Bobby Whitlock :: The Aquarium Drunkard Interview

It’s tempting to cast Memphis-born guitarist Bobby Whitlock as some sort of Zelig like character hiding in the back of various studios in the early 1970s, while classic albums like George Harrison’s All Things Must Pass, Derek and the Dominos’ Layla and Other Assorted Love Songs, Joe Cocker’s Mad Dogs and English Gentlemen, Delaney and Bonnie’s Home and more were being cut. But Whitlock wasn’t the guy hiding out among strong personalities, acting as a chameleon. He was playing a distinct role in what was going on.

Whitlock was a keen player, and his instinctive ear enabled him to make his presence felt at each session. Walking into stuffed sessions for George Harrison’s “Wah Wah,” featuring Ringo Starr, Billy Preston, Eric Clapton, Pete Ham, Gary Wright and more, Whitlock sat at a Wurlitzer and figured out where he needed to be. “Everyone was playing on the downbeat,” Whitlock drawls over the phone from his home in Austin, Texas. “So I played on the upbeat. It was open. I listened. It was there for me.”

Whitlock speaks in the same sort of metaphysical manner regarding his own solo albums, his debut self-titled effort released in March of 1972 and his second, the one-half rocking/one-half ballad-driven Raw Velvet, released in November of ’72. The two albums have been recently reissued by Light in the Attic’s Future Days Recordings imprint, individually on vinyl and compiled on the comprehensive collection, Where There’s a Will There’s a Way: The ABC-Dunhill Recordings.
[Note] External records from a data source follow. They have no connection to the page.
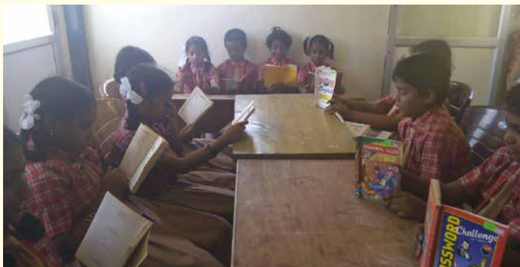
Students Reading – SJNS Nursery & Primary School, Ponnappa Lane, Triplicane.

The three schools have a total strength of 1580 students. The Schools have good infrastructure, well-appointed Science laboratory, library, Computer Lab, indoor playground, auditorium and dedicated teachers. Quality Education is provided with focus on overall development of the students. Extracurricular activities and character building form part of the daily activities of the School. This year the Higher Secondary School posted 100% pass results in the X Standard and XII Standard Board Examinations. The Trust has granted donations and scholarships worth Rs. 35 Lakhs to the needy.
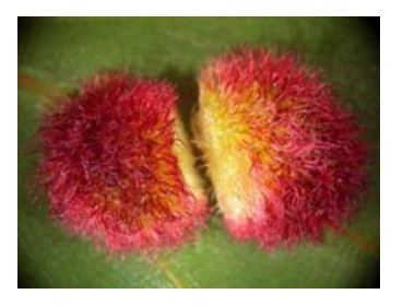
Figure 12 Hedgehog gall
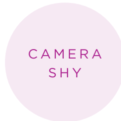
Destinee Cenita Court 1211 | Portland, OR
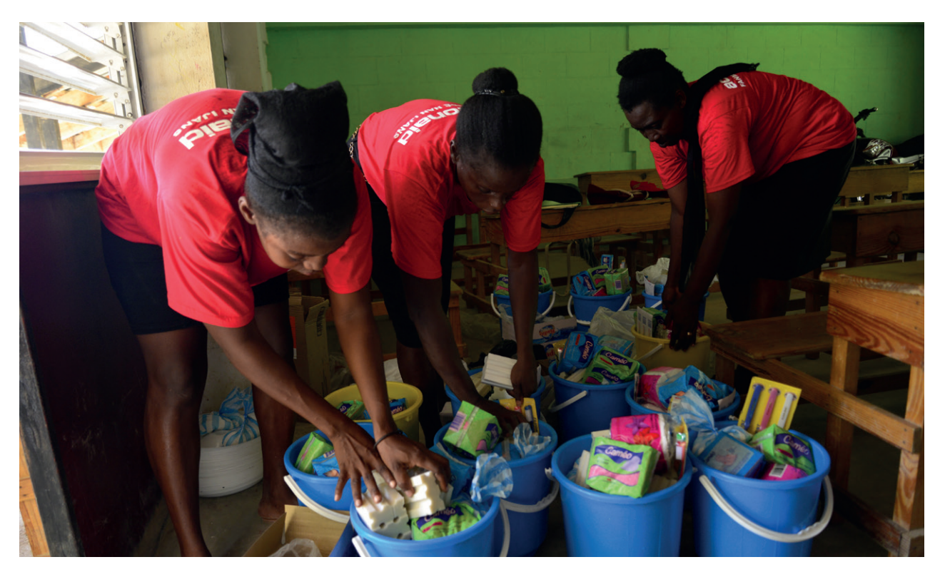
A group of women first responders preparing dignity kits in response to the 7.2 magnitude Earthquake in Haiti (2021, (Fabienne Douce/ActionAid)
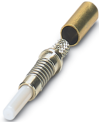
Replacement ferrule set (10 pcs.) for M12 PCF fiber optic connector (Order No. 1416619)

Please be informed that the data shown in this PDF Document is generated from our Online Catalog. Please find the complete data in the user's documentation. Our General Terms of Use for Downloads are valid ( http://phoenixcontact.com/download )
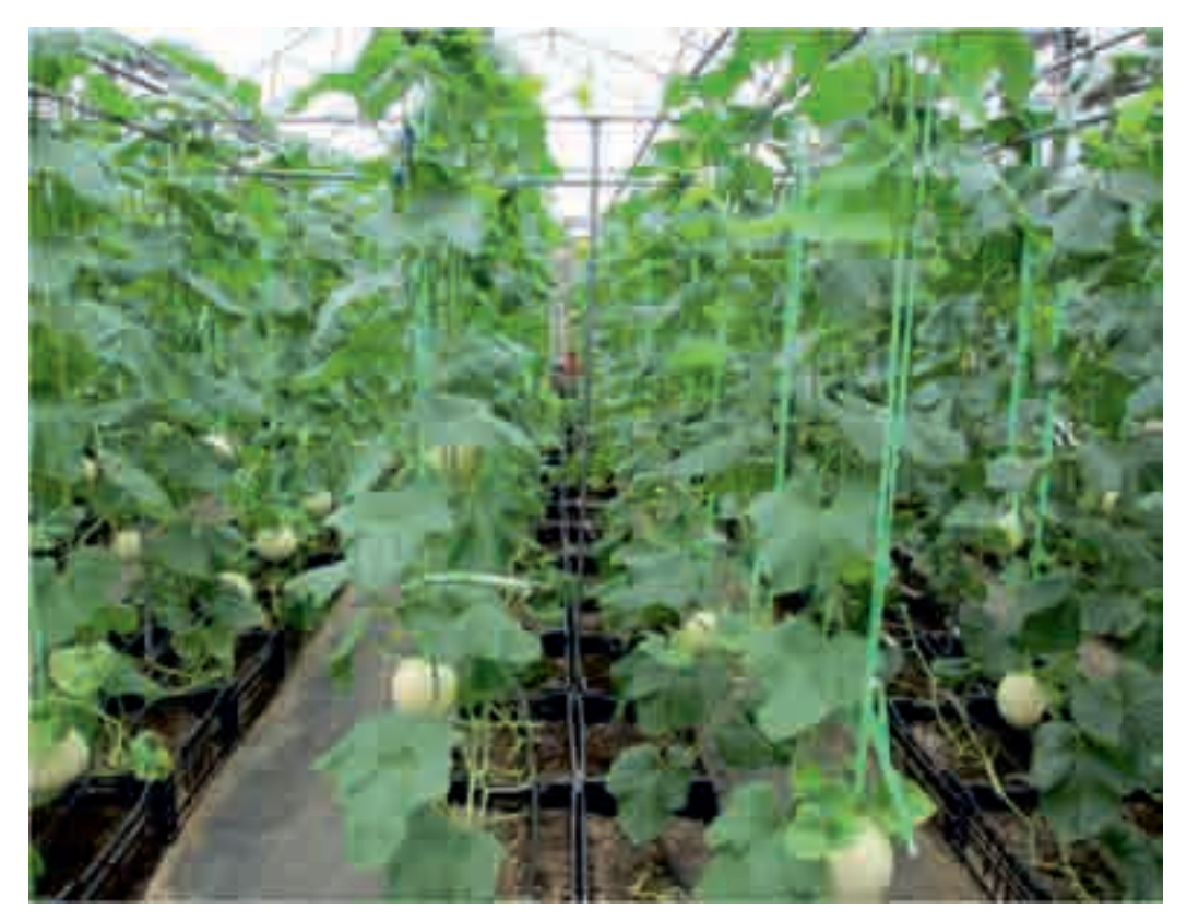
Cultivating high value organic produce in greenhouse

Both records feature all-star casts. George Harrison, Eric Clapton, Delaney and Bonnie play extensive roles, and some tracks feature the L.A. Symphony performing sweeping arrangements coupled with Whitlock’s husky, soulful voice. There’s a heady blend of sounds on the records, drawing from the American blues-worshiping strength of Clapton and Harrison, the country rock of Delaney and Bonnie, and lessons learned during Whitlock’s young manhood, when Don Nix paired him alongside Donald “Duck” Dunn and Steve Cropper, and he was signed as the flagship artists of Stax’s fledgling Hip Records subsidiary.

And there’s gospel there, too, reflecting an appreciation for sacred sounds that was literally beaten into Whitlock growing up. “It’s like the pebble in the pond,” he says of the records’ legacy, which is only now coming into its own. “The ripples go way out into an ocean of rock ‘n’ roll music. It’s pretty amazing.”

We discussed more.

Aquarium Drunkard: You recorded your self-titled record in the midst of Derek and the Dominos’ dissolution. How did that come about?

Bobby Whitlock: [The Dominos] had our last session together, and there was still time there [left over from the recording sessions]. I went, “Well, why don’t I do my own record, you know?” I thought that to myself. I thought, “Let’s see if I can get everyone to play.” I wanted to get everyone to play on my thing. Carl [Radle] was going to be the bass player, but he had to do something with Leon [Russell]. Had I waited…for him to finish his project with Leon, the whole album would have been Derek and the Dominos with me singing. Klaus [Voorman] is on some of it; Delaney’s [Bramlett] playing bass on some of it. It’s a document. Pat Thomas, who put [the reissued collection for Light in the Attic] together told me once, it was “the thread,” the continuity, that linked all these records: Delaney and Bonnie, Derek & the Dominos, All Things Must Pass, Mad Dogs and English Gentlemen, The Rolling Stones; it linked all these things together. I hadn’t really given it much thought, but he’s absolutely right. It goes on and on, to Dr. John to Fleetwood Mac through Rick Vito [who also plays on Whitlock’s second LP, Raw Velvet.